American Ambassador David Friedman and Prime Minister Benjamin Netanyahu and their wives were hosted by Commander David Coles, and the speeches emphasized the close relations between the United States and Israel — specifically, between the two navies.
Amid the comradery, however, it was noted that the ceremony was the first U.S. port visit to Ashdod in twenty years.
The naval base at Haifa has seen more action. Most recently, in June, the guided-missile destroyer USS Donald Cook visited, following March visits by the amphibious assault ship USS Iwo Jima and the Blue Ridge-class command and control ship USS Mount Whitney.
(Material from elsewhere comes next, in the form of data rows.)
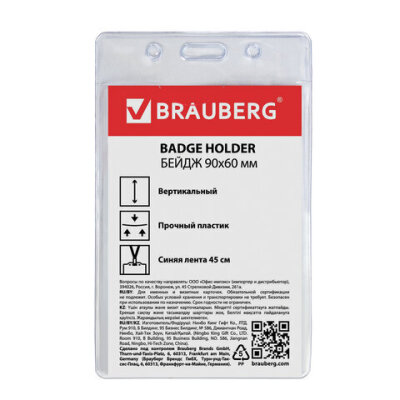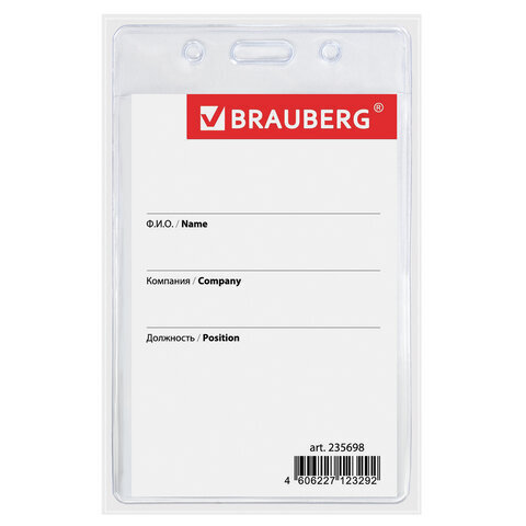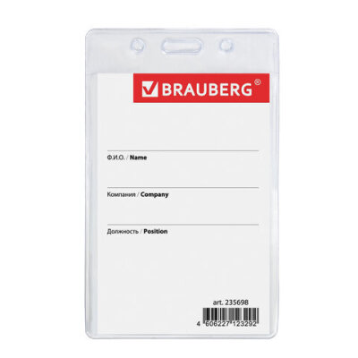 Вертикальный бейдж BRAUBERG для именной карточки предназначен для идентификации сотрудников в компаниях, а также на семинарах, тренингах, презентациях и других мероприятиях.
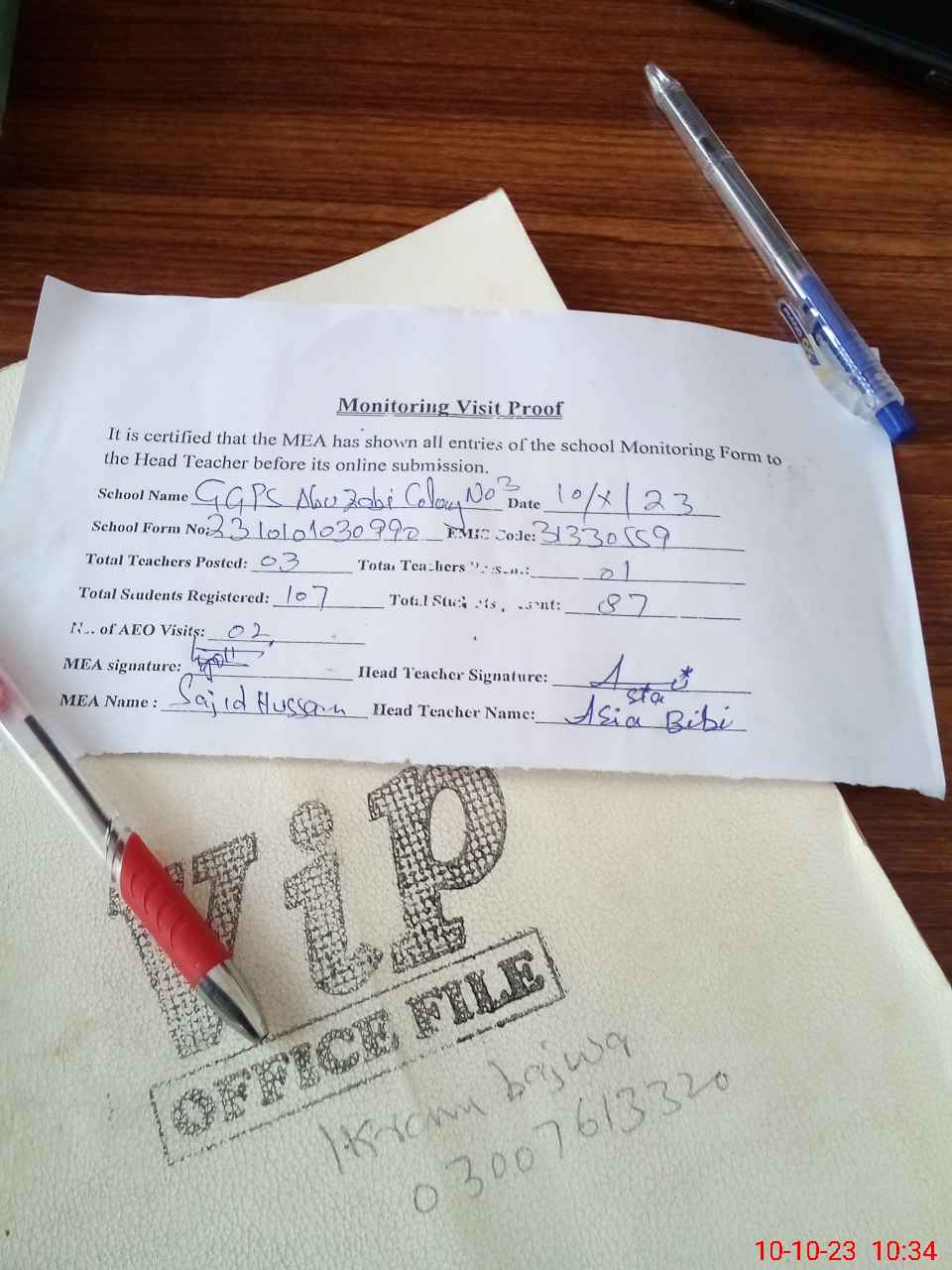 | EMIS Code: 31330559 | Name of School: GGPS NO.3 ABU ZAHBI COLONY NO 3 | |||
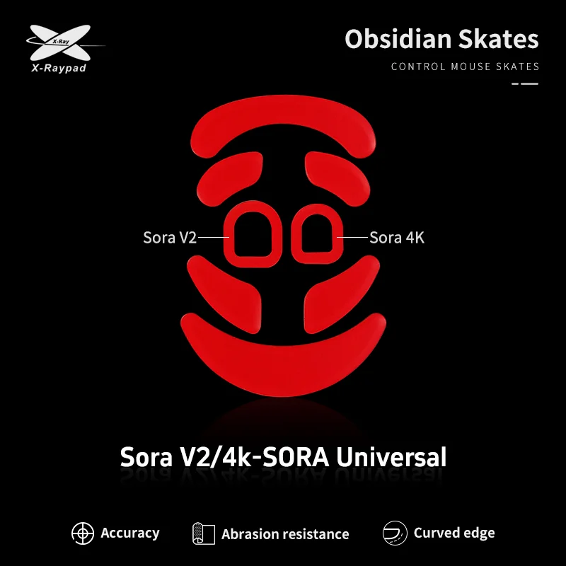 X-Raypad Obsidian Ninjutso Sora V2/4K to ślizgacze dedykowane dla myszki Ninjutso Sora V2/4K, co oznacza, że będą pasować idealnie do wcześniej wspomnianej myszki.

In that context, however, when the aircraft carrier USS George H.W. Bush docked in Haifa in July 2017, it was the first carrier visit to an Israeli port since the USS Dwight D. Eisenhower in April 2000.
The 1980s and 1990s were the heyday of the Sixth Fleet in Haifa. American ships did repairs at Israel Shipyards and brought the first Marines for training in Israel. The American government paid to refurbish the shipyards to enable them to handle the fleet’s larger ships. A well-used USO facility opened in Haifa in 1984 and the sailors contributed about $1 million a day to the Israeli tourist economy.
In 2000, however, after the bombing of the USS Cole near Yemen, liberty for American sailors in the Middle East was largely curtailed — in Israel as well as in countries that posed an overt threat to American interests.